What started and ended the Great Depression? ›

The Depression lasted a decade, beginning in 1929 and ending during World War II. Industrial production plummeted. Unemployment soared.

What most likely ended the Great Depression? ›

Mobilizing the economy for world war finally cured the depression. Millions of men and women joined the armed forces, and even larger numbers went to work in well-paying defense jobs. World War Two affected the world and the United States profoundly; it continues to influence us even today.

Who was blamed for the Great Depression and why? ›

Banks and financial institutions that had loaned money began to fail, and credit necessary to keep the economy moving became hard to acquire. Through Hoover's presidency, the situation was bleak and many blamed the president. Up to one-third of the work force was unemployed.

What led into the Great Depression? ›

The Great Depression was the worst economic crisis in modern history, lasting from 1929 until the beginning of World War II in 1939. The causes of the Great Depression included slowing consumer demand, mounting consumer debt, decreased industrial production and the rapid and reckless expansion of the U.S. stock market.

Who got rich during the Great Depression? ›

Not everyone, however, lost money during the worst economic downturn in American history. Business titans such as William Boeing and Walter Chrysler actually grew their fortunes during the Great Depression.

Is a Great Depression coming? ›

ITR Economics is projecting that the next Great Depression will begin in 2030 and last well into 2036. However, we do not expect a simple, completely downward trend throughout those years. There will be signs of slight growth that pop up during this period.

Why was laissez-faire bad? ›

Criticism of Laissez-Faire

As such, detractors feel laissez-faire actually leads to poverty and economic imbalances. The idea of letting an economic system run without regulation or correction in effect dismisses or further victimizes those most in need of assistance, they say.

What caused the end of laissez-faire? ›

The philosophy's popularity reached its peak around 1870. In the late 19th century the acute changes caused by industrial growth and the adoption of mass production techniques proved the laissez-faire doctrine insufficient as a guiding philosophy.

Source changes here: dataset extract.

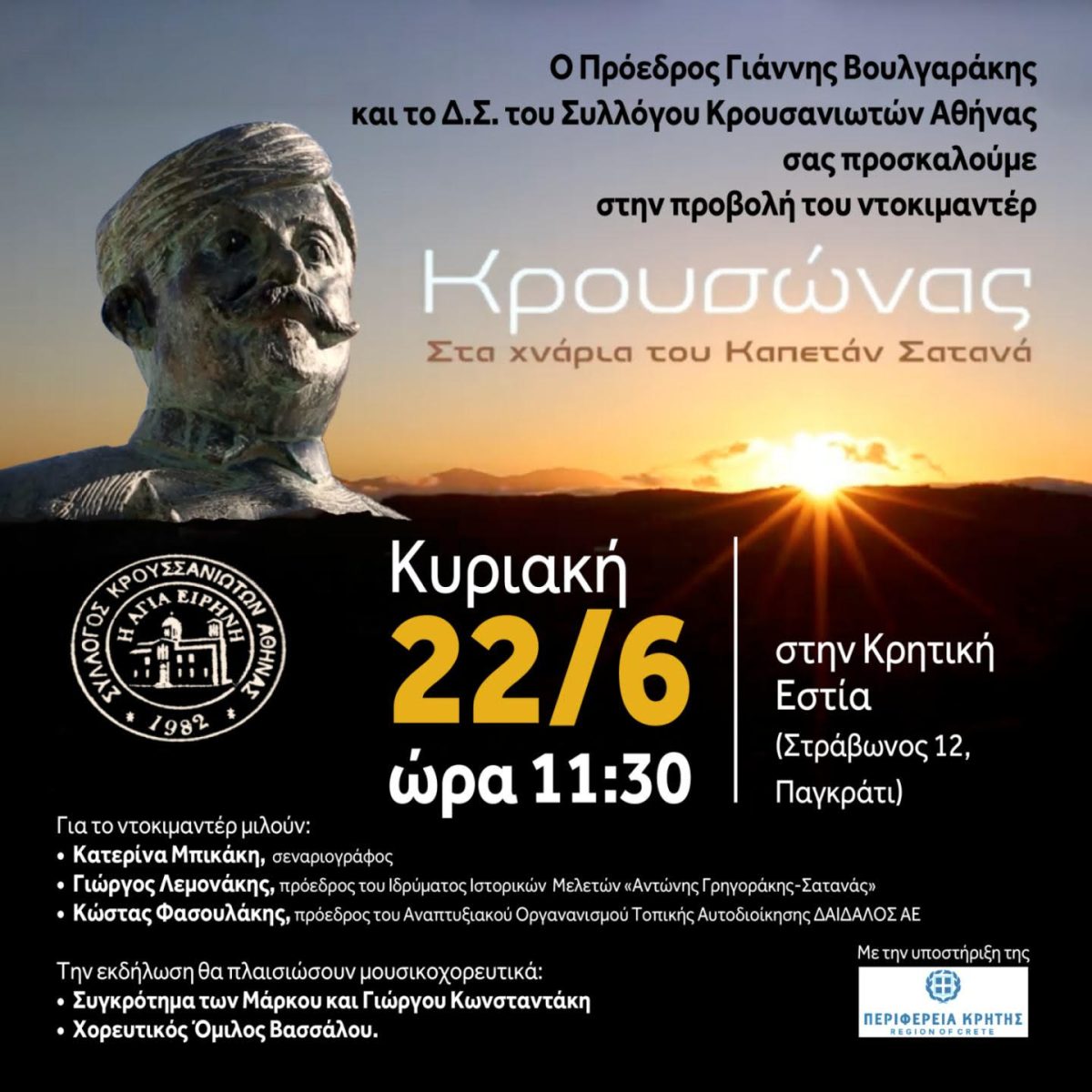 Στην εκδήλωση θα προβληθεί το ντοκιμαντέρ “Κρουσώνας: Στα χνάρια του καπετάν Σατανά”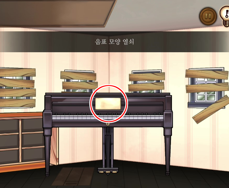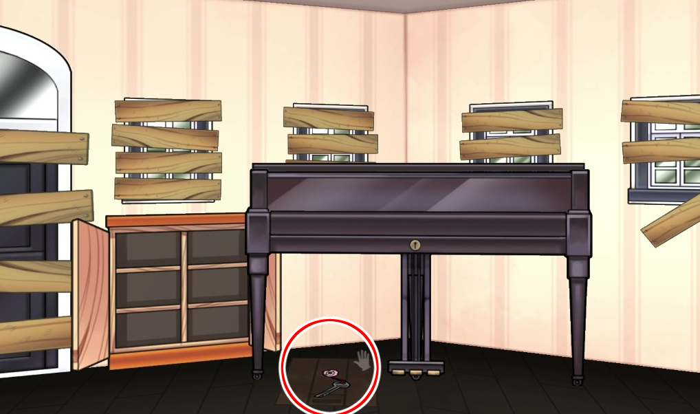 - 피아노 러그 밑에서 열쇠 획득

What did Thomas Jefferson think about laissez-faire? ›

Thomas Jefferson believed in the idea of laissez-faire, which meant that the government should do little to nothing at all when it came to trade.

What caused the crash of 1929? ›

There were many causes of the 1929 stock market crash, some of which included overinflated shares, growing bank loans, agricultural overproduction, panic selling, stocks purchased on margin, higher interest rates, and a negative media industry.

What was the cause of the Great Depression for kids? ›

There was no single cause, but several things factored together made it happen. A weak banking system, overproduction of goods, overspending, and bursting credit bubble were just some of the reasons. The Wall Street Crash of 1929 was one of the main causes of the Great Depression.

What factors caused the Great Depression to spread around the world? ›

The key factor in turning national economic difficulties into worldwide Depression seems to have been a lack of international coordination as most governments and financial institutions turned inwards.

Who was affected most by the Great Depression? ›

The country's most vulnerable populations, such as children, the elderly, and those subject to discrimination, like African Americans, were the hardest hit. Most white Americans felt entitled to what few jobs were available, leaving African Americans unable to find work, even in the jobs once considered their domain.